Richard Whitecross

Dr Richard Whitecross is an Associate Professor in Law, Edinburgh Napier University. His research interests build on his background as a lawyer and social anthropologist and encompasses access to justice, particularly for refugees, asylum seekers and unaccompanied minors, as well as, migrants; socio-legal studies; environmental justice; ethnographic studies of everyday engagement with culture, law, and power; and minority and marginalised groups.

His thesis, The Zhabdrung’s Legacy: state transformation, law and social values in contemporary Bhutan won the RAI/Sutasoma Award 2001. Among his recent publications, are “Of Texts and Drama: Delivering Justice in Bhutan”, Buddhism, Law and Society, “Thrims khang and the Setting for Justice: The Spatial Evolution of the Courts of Justice in Bhutan”, Buddhism, Culture and Society in Bhutan, and “Law, ‘Tradition’ and Legitimacy: Contesting Driglam namzha”, Development Challenges in Bhutan.
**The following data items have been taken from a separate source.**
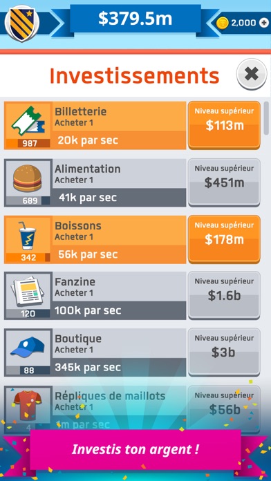 Tape du bout des doigts pour inciter les fans à venir dans ton stade. Gagne de l'argent en investissant dans la boutique, les visites du club et une alimentation savoureuse. Augmente tes bénéfices en signant des accords lucratifs de télédiffusion et suscite l'intérêt des plus grands investisseurs.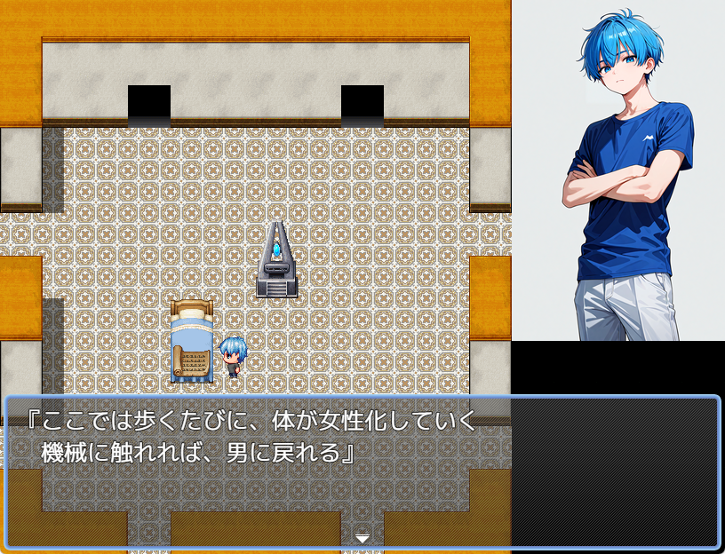 さらに「女体化していく」というところにも注目です。主人公は男性から始まっていきますが、5歩ごとに女性化が進んでしまいます。画面内に表示された立ち絵姿が女性に変わっていく様子は、まさに進行が進んでしまっているような感覚を味あわせてくれます。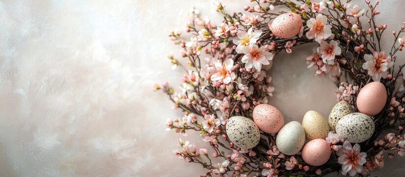 Colorful Easter eggs with floral patterns celebrating spring festivities. Ideal for holiday greeting cards, decorations, and seasonal marketing.
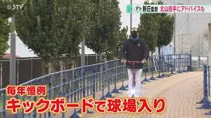 キャンプ初日には、新庄監督がキックボードで球場入りする恒例のパフォーマンスを見せ、新スローガン「DOMIれ!」(支配する、圧倒的に勝ち切るという決意)が発表されました。万波中正選手がノースリーブ姿で練習する姿や、新選手会長となった清宮幸太郎選手が居残りで守備練習を披露しファンを沸かせました。また、開幕戦で「4番サード」を明言されている郡司裕也選手が新背番号「3」を披露。WBC日本代表に選出された北山亘基投手への新庄監督からのアドバイスや、プロ5年目の達孝太投手のブルペン入りも報じられています。さらに、キャンプ恒例の「新庄ランチ」も報道陣に振る舞われ、活気あふれるスタートとなりました。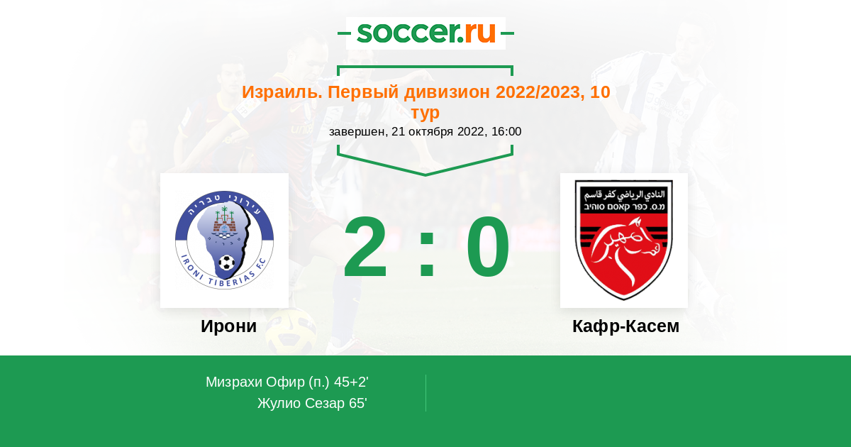 Протокол матча Ирони против Кафр-Касем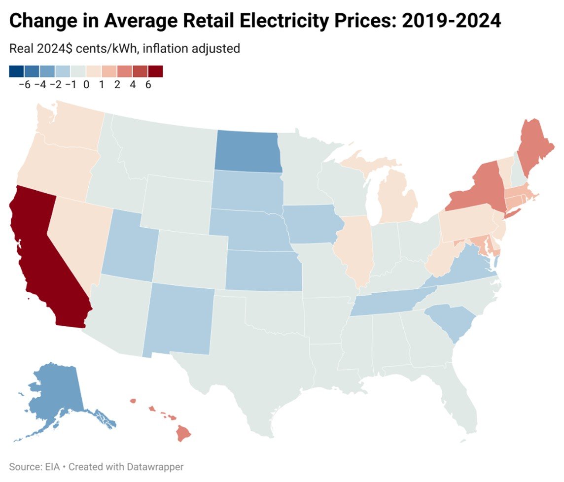 Hledik explained that at the national level, the average nominal price of electricity has grown from 9.8 cents per kilowatt-hour in 2010 to 12.9 cents/kWh in 2024. However, this does not account for inflation. The inflation-adjusted price in 2010 was 14.1 cents/kWH, and it has declined to 12.9 cents/kWh in 2024. The study relied on EIA data, and represents the “all-in” price, equivalent to total customer bills (including volumetric, demand, and fixed charges) divided by total retail electricity sales, and covers all costs associated with the provision of retail service (generation, transmission, and distribution).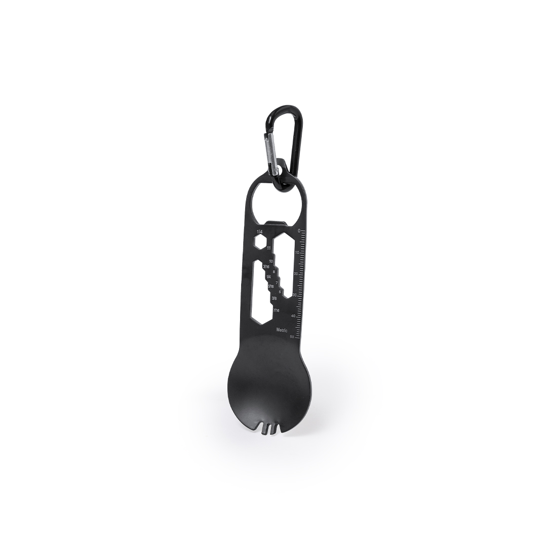Completa multiherramienta con 16 funciones en acero inox. Incluye: mosquetón para transportarlo fácilmente, zona plana función destornillador, abrebotellas, regla de hasta 5 cm en un lateral, parte central para tuercas de 11 medidas diferentes (desde 1/4 hasta 11) y práctica cuchara con dientes para uso de tenedor. Presentada en una bolsa individual.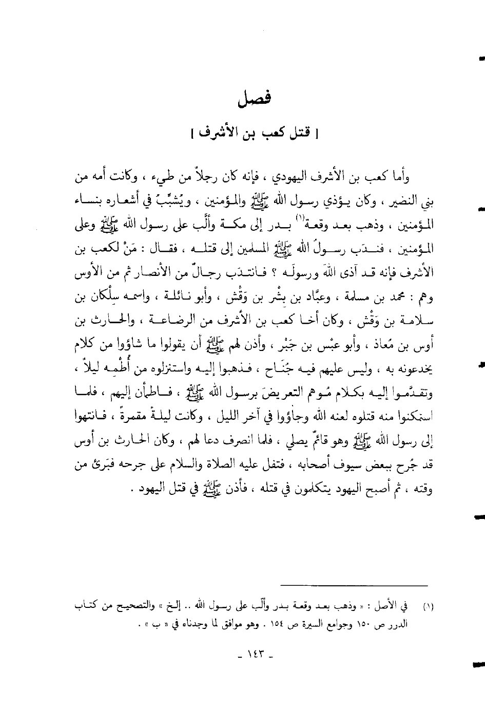 وأما كعب بن الأشرف اليهودي، فإنه كان رجلاً من طيء، وكانت أمه من بني النضير، وكان يؤذي رسول الله صلى الله عليه وسلم والمؤمنين، ويشبب في أشعاره بنساء المؤمنين، وذهب بعد وقعة بدر إلى مكة وألب على رسول الله صلى الله عليه وسلم وعلى المؤمنين، فندب رسول الله صلى الله عليه وسلم المسلمين إلى قتله، فقال: من لكعب بن الأشرف فإنه قد آذى الله ورسوله؟ فانتدب رجال من الأنصار ثم من الأوس وهم محمد بن مسلمة، وعباد بن بشر بن وقش، وأبو نائلة، واسمه سلكان بن سلامة بن وقش، وكان أخا كعب بن الأشرف من الرضاعة، والحارث بن أوس بن معاذ، وأبو عبس بن جبر، وأذن لهم صلى الله عليه وسلم أن يقولوا ما شاؤوا من كلام يخدعونه به، وليس عليهم فيه جناح، فذهبوا إليه واستنزلوه من أطمه ليلاً، وتقدموا إليه بكلام موهم التعريض برسول الله صلى الله عليه وسلم، فاطمأن إليهم، فلما استمكنوا منه قتلوه لعنه الله وجاؤوا في آخر الليل، وكانت ليلة مقمرة، فانتهوا إلى رسول الله صلى الله عليه وسلم وهو قائم يصلي، فلما انصرف دعا لهم، وكان الحارث بن أوس قد جرح ببعض سيوف أصحابه، فتفل عليه الصلاة والسلام على جرحه فبرئ من وقته، ثم أصبح اليهود يتكلمون في قتله، فأذن صلى الله عليه وسلم في قتل اليهود.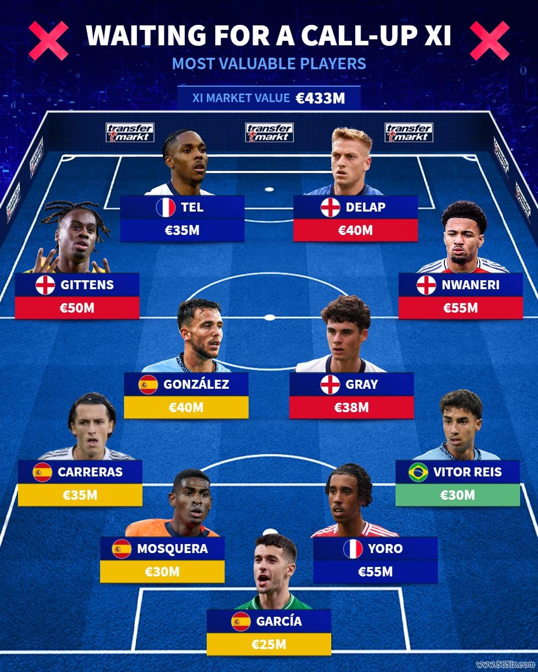 虎扑09月07日讯德国转会市场盘点了当前尚未得到国家队征召的球员,并按照身价组成了一套最佳阵形 。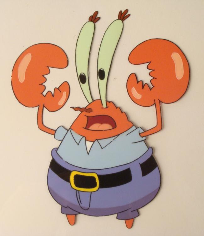 This original animation cel is from the Nickelodeon TV show SpongeBob Squarepants. The story takes place under the deep blue sea in Bikini Bottom, where SpongeBob resides. SpongeBob, who is a yellow, porous sponge, is your typical happy-go-lucky character, as he is always cheerful and enjoys making people laugh. Patrick Star, SpongeBob's neighbor who is a starfish, is your average children's show idiot, as he boasts knowing nothing and is often getting himself into ridiculous situations. Between the homes of these two lies the home of the miserable Squidward, a squid, who is known for being grouchy and playing tricks on SpongeBob and Patrick. Both SpongeBob and Squidward work at the Krusty Krab, a fast food business run by the greedy money-loving Mr. Krabs, a crab, the arch rival of the evil, possibly misunderstood, Plankton. Another neighbor, Sandy Cheeks, an athletic squirrel who normally wears an astronaut's space suit, was introduced in "Tea at the Treedome." She spends most of her time inventing and experimenting. * Mr. Krabs looks confused * Original Production Animated Cel Overall Size of Cel: 10 1/2" x 12 1/2" Very Good Condition This is an original hand-painted cel set-up used in the production of an episode of "SpongeBob SquarePants." Each one-of-a-kind set-up represents a slight change in position of the characters. When individually photographed and projected in rapid succession, the images appear to move. * To create production cels, the original animator's drawing is transferred onto an acetate cel (by hand-inking and/or photo copying). The cel is then hand-painted on the reverse side. * The cel is ready to be matted and framed. The animator's notations are at the bottom of the cel. *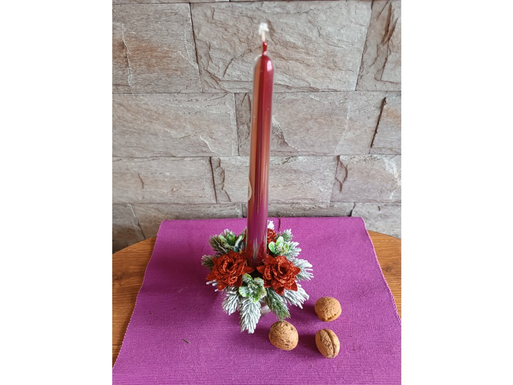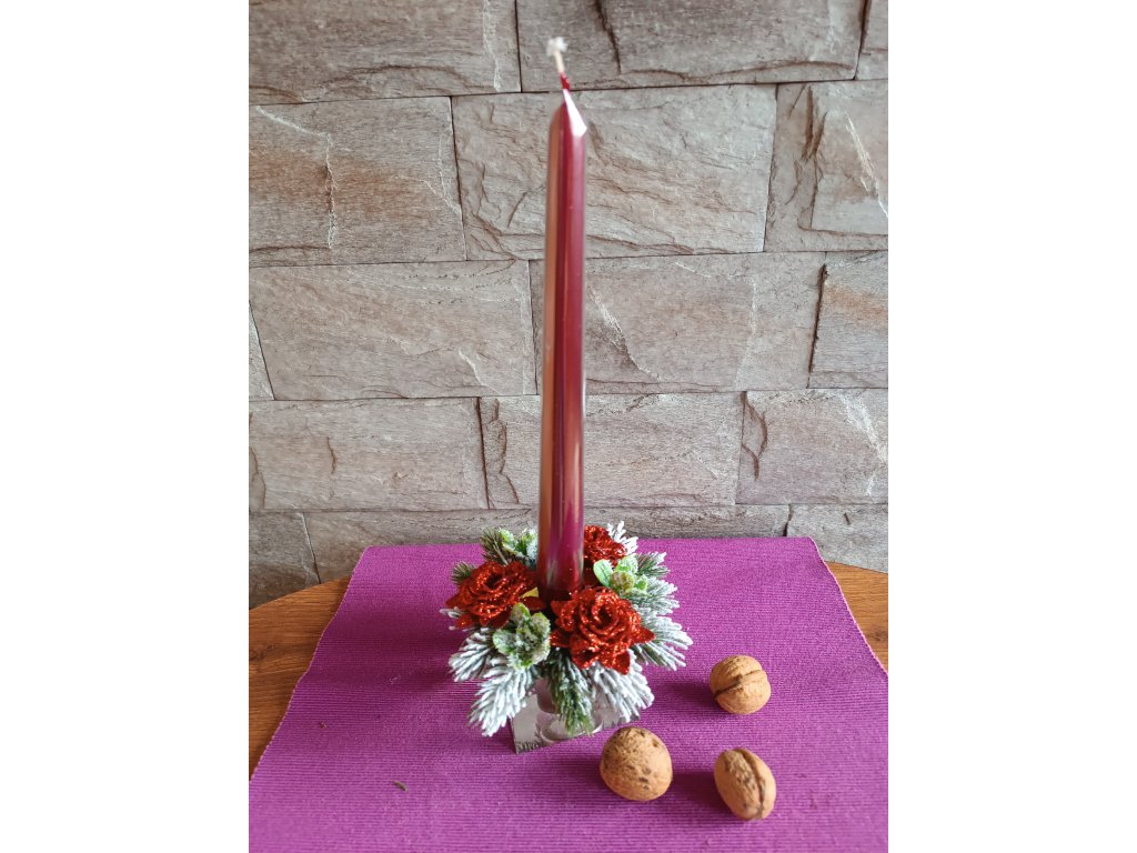 Vánoční svícen ve skleněné kostce, dozdoben umělými květinami a jehličím. Rozměr cca šířka 13 cm, výška včetně svíčky 29 cm. Svíčku nenechte hořet bez dozoru!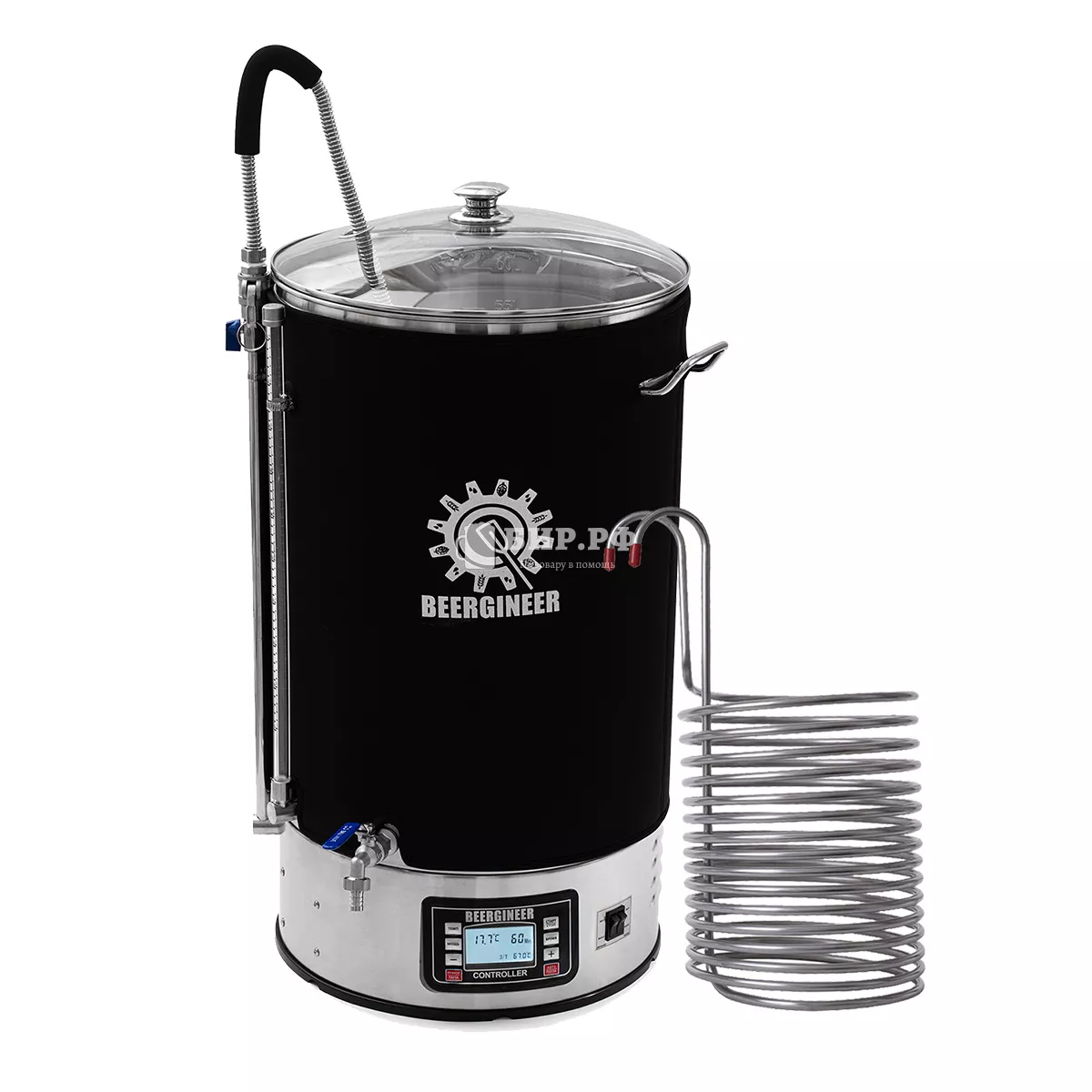 Благодаря интуитивному блоку управления, даже начинающий пивовар сможет быстро освоить устройство, а функция памяти рецептов позволяет варить пиво всего в два клика. Корпус из нержавеющей стали марки 304 AISI добавляет прочности и надежности, а прозрачная крышка облегчает визуальный контроль процесса.

In 2017, funded by the Royal Society of Edinburgh, Richard organised a series of workshops for policy leads and practitioners on unaccompanied minors in Scotland. He is currently conducting research in Scottish courts on domestic abuse. He is a member of the Law Society of Scotland Equalities Committee, and the Immigration, and Asylum Committee, as well as, the Scottish Parliament Cross-Party Working Group on Sectarianism.